FRANKENSTEIN (1931)

Infidèle mais superbement poétique, cette adaptation du roman de Mary Shelley a consacré Boris Karloff comme star de l'épouvante

FRANKENSTEIN

1931 – USA

Réalisé par James Whale

Avec Boris Karloff, Colin Clive, Dwight Frye, Mae Clarke, John Boles, Edward Van Sloan, Frederick Kerr, Lionel Belmore

THEMA FRANKENSTEIN I SAGA UNIVERSAL MONSTERS

En 1931, la firme Universal vient de produire une adaptation du roman « Dracula » et met en chantier dans la foulée ce Frankenstein inspiré autant du livre de Mary Shelley que de la pièce de Peggy Webling. Pour le monstre, Universal pense immédiatement à Bela Lugosi, qui fut un Dracula très marquant. Robert Florey tourne donc une bobine d’essai avec l’acteur maquillé par Jack Pierce, créateur de tous les monstres d’Universal. Mais Lugosi refuse finalement le rôle. L’idée de porter un maquillage aussi lourd et de ne pas prononcer une seule ligne de dialogue lui déplaît. Cette décision entraîne un bouleversement dans le projet. La réalisation du film est alors confiée à James Whale, qui vient d’adapter avec succès plusieurs pièces. Whale choisit Colin Clive dans le rôle de Frankenstein (tous deux ont déjà collaboré dans Waterloo Bridge), mais on cherche toujours quelqu’un pour incarner le monstre. Le choix se porte finalement sur un acteur peu connu, âgé de 44 ans, qui a pourtant tourné dans plus de 70 films, et que Whale repère dans The Criminal Code (1931) de Howard Hawks où il joue un bagnard. Cet acteur s’appelle William Henry Pratt, mais il va devenir célèbre sous le nom de Boris Karloff.
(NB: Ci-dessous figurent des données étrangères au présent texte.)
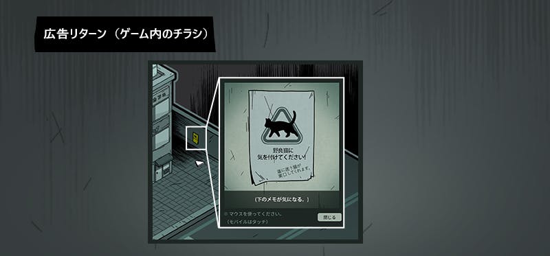 詳細: ゲーム内に登場する新聞に広告を掲載いたします。 内容やデザインはゲームの雰囲気とコンセプトに合わせてアレンジされますが、伝えたいメッセージなど自由に装飾いただけます。

Karloff apporte à la créature un énorme potentiel pathétique et émotionnel, poussant des cris d’enfant apeuré, tendant des mains hésitantes pour signifier son incompréhension. Sa première apparition est d’autant plus marquante qu’elle est sobre, sans effets d’épouvante appuyé (si ce n’est une série de gros plans de plus en plus rapprochés sur son visage, sous des angles différents), et dans un silence total. Il est d’ailleurs étonnant de constater que ce Frankenstein, pourtant réalisé à l’orée du cinéma parlant, soit entièrement dénué de musique, si ce n’est dans ses deux génériques. Le maquilleur Jack Pierce, quant à lui, réalise sans doute ici la plus grande de ses créations. Ce crâne carré et cicatrisé, ces paupières lourdes, ce teint blafard, complètement imaginaires puisque la description du monstre dans le roman est très évasive, se sont irrémédiablement imprimés dans l’inconscient collectif. Pour entretenir le mystère, le nom de Karloff n’apparaît pas sur le générique de début. Ainsi, la créature demeure un être sans nom.

« Maintenant, je sais ce que c'est d'être Dieu ! »

Ici, Frankenstein ne se prénomme pas Victor mais Henry, et il est assisté de Fritz le bossu. La nuit, tous deux déterrent les cadavres des cimetières et s’approvisionnent en morceaux de corps humains à partir desquels ils confectionnent la fameuse créature. Mais Fritz, par mégarde, vole le cerveau d’un assassin. Captant l’électricité, Frankenstein donne vie au corps… Si, dans le roman de Shelley, le savant se laissait aller à des envolées lyriques comme « la vie et la mort m’apparaissaient comme des limites idéales que je devrais d’abord franchir pour déverser sur notre monde ténébreux un torrent de lumière », celui du film déclare carrément : « Maintenant, je sais ce que c’est d’être Dieu ! » (une phrase qui échaudera considérablement la censure de l’époque). Au cours d’un final grandiose, le monstre s’évade et disparaît avec son créateur dans les flammes d’un vieux moulin. Même s’il pèche par infidélité au texte original, ce Frankenstein s’est imposé dès sa sortie comme l’adaptation ultime du récit de Mary Shelley et demeure aujourd’hui encore une référence absolue et indétronable.